Integral of a bessel function composed with a trigonometric function

Question

Is there any standard way or approximated way to calculate an integral of the form

$$ \int_0^T J_n^2[a\cos(2\pi t/T)]dt $$

where $J_n$ is the bessel function of first kind of order $n$?

Answer 1

Using Maple I get a hypergeometric expression:

$$ {\frac {T{\mbox{$_2$F$_3$}(1/2+n,1/2+n;\,n+1,n+1,1+2\,n;\,-{a}^{2})} \Gamma \left( 1/2+n \right) {a}^{2\,n}{4}^{-n}}{\sqrt {\pi} \left( n! \right) ^{3}}} $$

EDIT: This is really telling you the series expansion in powers of $a$:

$$ \frac{1}{\pi} \sum_{k=0}^\infty \frac{(-1)^k \Gamma(n+k+1/2)^2}{(k+n)!^2(k+2n)!k!} a^{2k+2n}$$

Answer 2

This is another interesting conjectural result for any order of Bessel function of the first kind which can be compared with Robert Israel's Maple result.

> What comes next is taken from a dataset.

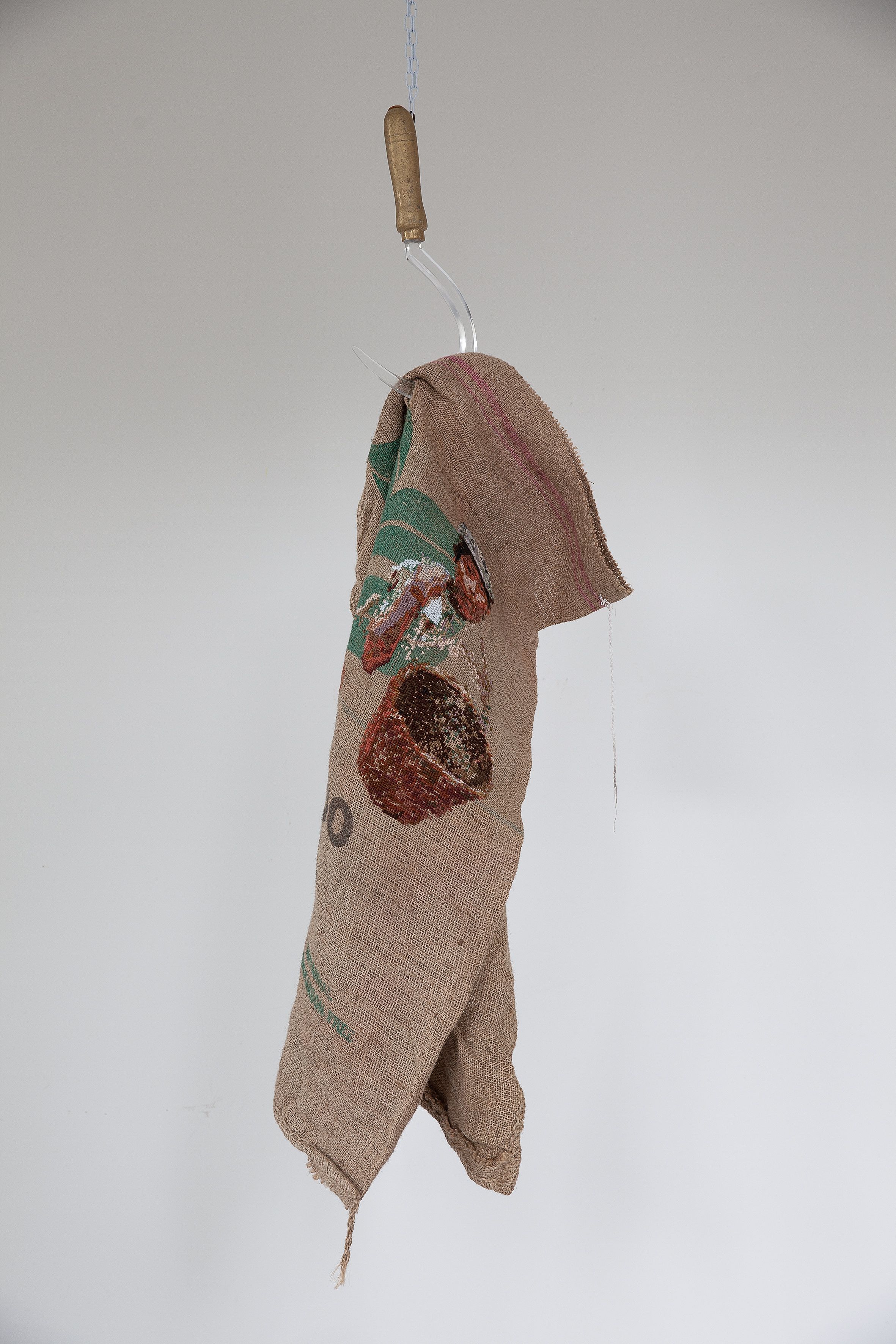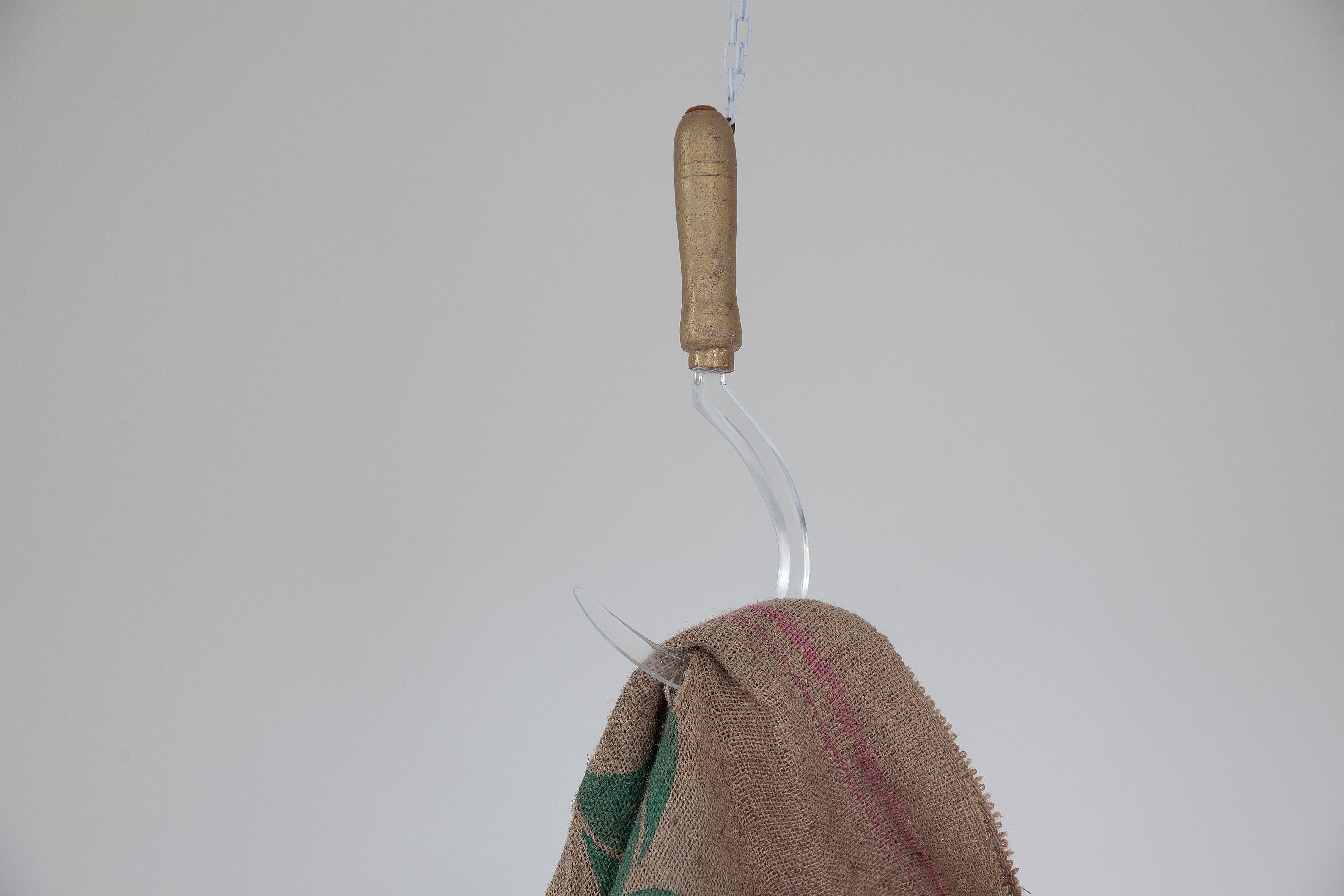 The abuses in coffee bean cultivation in which workers, both adults and children, are exploited led to this piece. As a symbol, the sickle refers to labor in the agricultural sector. The energy that is put into the work, its value to the owner of the beans and the vulnerability of the workers can be seen in the glass and bronze of the sickle. The burlap bag is hung from the glass, the portrait of a little boy picking coffee beans, is intertwined with the fibres of the bag in which the beans were transported.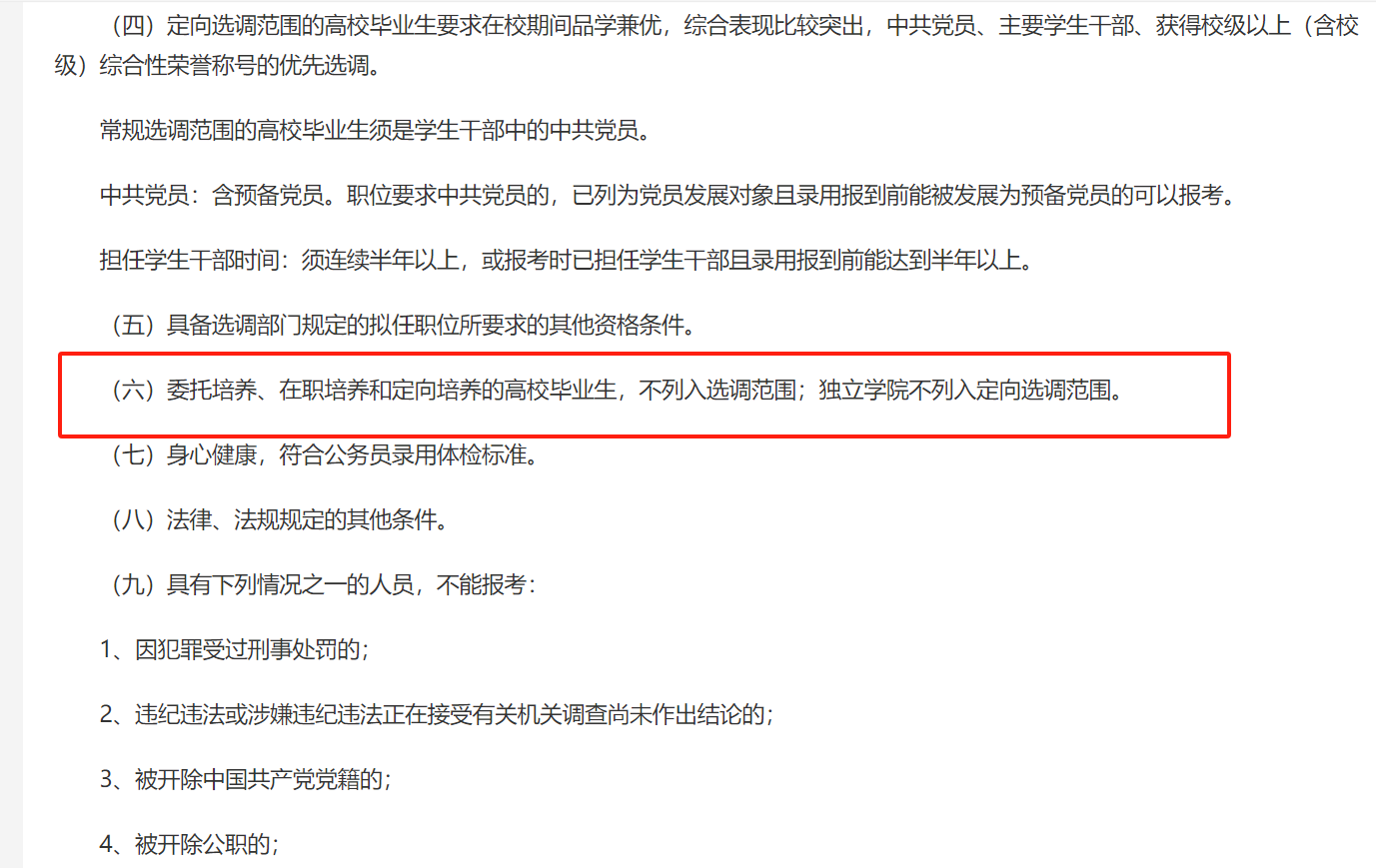 之所以会有这样的要求,主要还是因为独立学院和民办学院的考生在高考中的分数相对较低,整体实力和公办院校相比仍存在一定的实力差距,并非是选调生考试对独立和民办本科的歧视,而是本身民办本科就是高考扩招的结果,若是没有高考扩招,这批人几乎没有机会就读本科,这也算是为了筛选人才所设置的一类合理门槛吧。

$$\int_0^T J_n^2[a\cos(2\pi t/T)]\,dt=T \,\sum _{k=0}^{\infty } \left(\frac{(-1)^{k+n} \binom{2 k}{k}^2 a^{2 k} } {(k!)^2\, 4^{2 k} } \frac{\prod _{j=0}^{n-1} (k-j)}{\prod _{j=0}^{n-1} (j+k+1)}\right)$$

This result came from the inspection of series of $[J_n(x)]^2$ $$[J_n(x)]^2=\sum _{k=0}^{\infty } \left(\frac{(-1)^{k+n} \binom{2 k}{k} }{ (k!)^2 \,2^{2 k}}\frac{\prod _{j=0}^{n-1} (k-j)}{\prod _{j=0}^{n-1} (j+k+1)} x^{2 k}\right)\tag{1}$$

together with the evaluation of the integral

$$\int_0^T \left(a \cos \left(\frac{2 \pi t}{T}\right)\right)^{2 k} \, dt=T\;\frac{ \Gamma \left(k+\frac{1}{2}\right)}{\sqrt{\pi }\; \Gamma (k+1)}a^{2 k}=x^{2k}$$

So the conjectural step is equation (1).